自我偈
自我偈
じがげ
法華経如来寿量品の偈文「自我得仏来」から「速成就仏身」に至る文をいう。
初めの「自我」の二字をとって「自我偈」といい、本仏釈尊の久遠実成を説き顕していることから「久遠偈」ともいう。
寿量品の長行では仏身の常住を強調するが、偈文では仏身の常住のみならず、依報たる国土の常住、事の寂光を重視し説くのである。
即ち「我此土安穏」「我浄土不毀」等と衆生の住するこの娑婆世界がそのまま寂光浄土であることを説いている(本国土妙の開顕)。
法華経は自我偈において国土の中心を明かし、娑婆即寂光の本国土妙に一切を統一し、十方の浄土を開顕したのである。
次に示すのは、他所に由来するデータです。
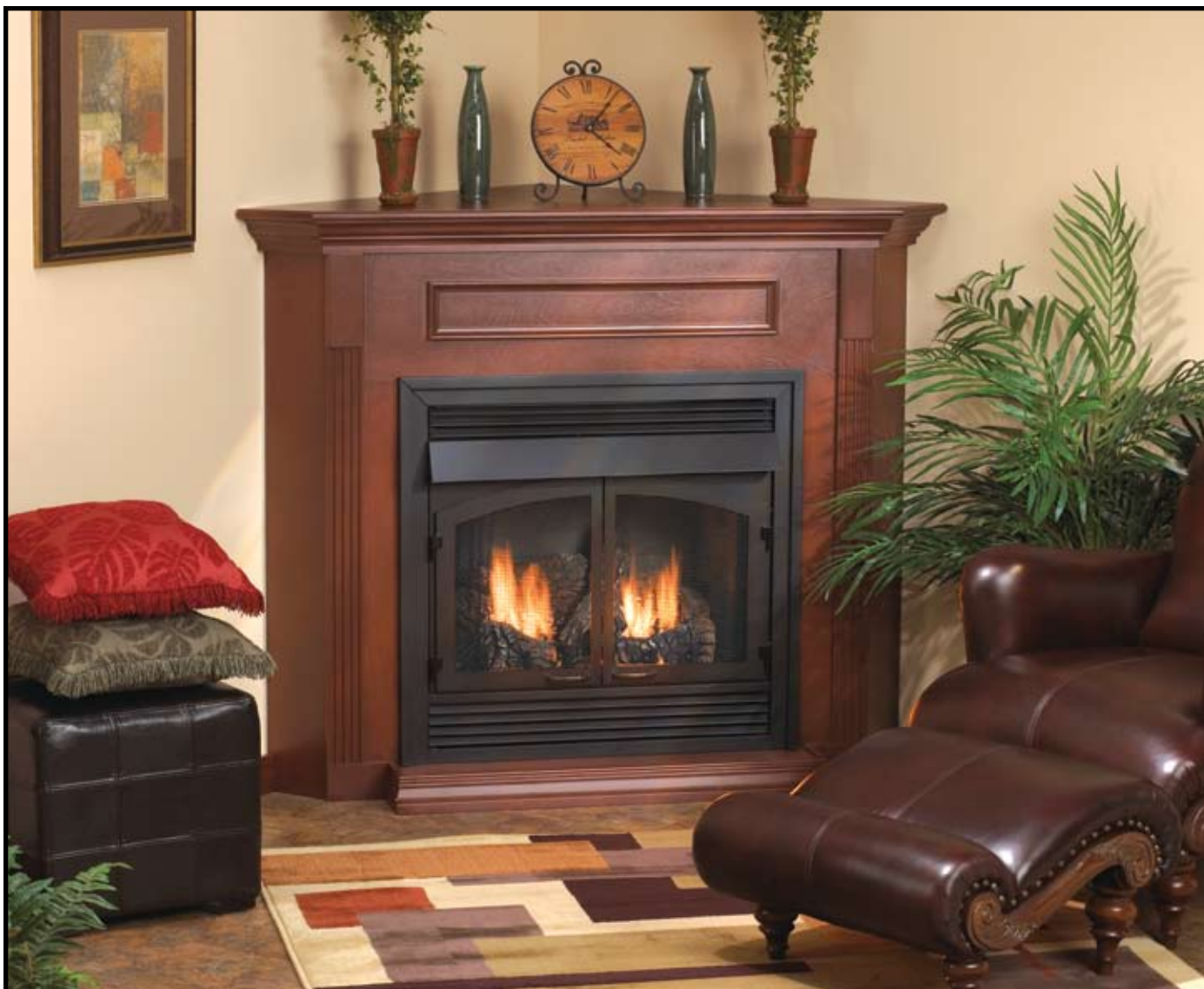
White Mountain Hearth Charred Oak Log Set (LS-24C2) on a Vent-Free Slope Glaze Burner with variable remote control system (VFSV-24). Shown with a 36-inch Breckenridge Deluxe Vent-Free Firebox with Brick Liner (VFD36FB) trimmed in black louvers, black hood, and shown with optional black frame, black door frame and black arch doors (DVF-36BL, VFY-36-SBL, and VFR-36-SCBL). The Cherry Finish on the Standard 36-inch Corner Cabinet Mantel (EMC-36-C) adds drama and warmth to any setting.

Empire manufactures log sets and burners to suit any application. With sizes ranging from 16 inches to 30 inches, and log pieces ranging from slender to massive, the White Mountain Hearth collection is sure to have the perfect set to fill your fireplace.

これによって日蓮聖人は「今本時の娑婆世界は三災を離れ四劫を出でたる常住の浄土なり」と国土常住論を確立したのであり、「立正安国」の主張もこのような法華経の国土観に基づいている。
結文の「毎自作是念」以下の四句は、釈尊の大慈悲の発露たる毎自の大願の表明であり、また「破地獄の文」として古来より尊ばれてきた。
日蓮聖人は「自我偈」の価値について、「夫法華経は一代聖教の骨髄なり。
自我偈は二十八品のたましひなり。
三世の諸仏は寿量品を命とし、十方の菩薩も自我偈を眼目とす」(『法蓮鈔』)と述べて、釈尊一代仏教の中心である法華経寿量品の真精神を説き顕わしたものであるから、全仏教中の最高の位置を占めるべきものであるとする。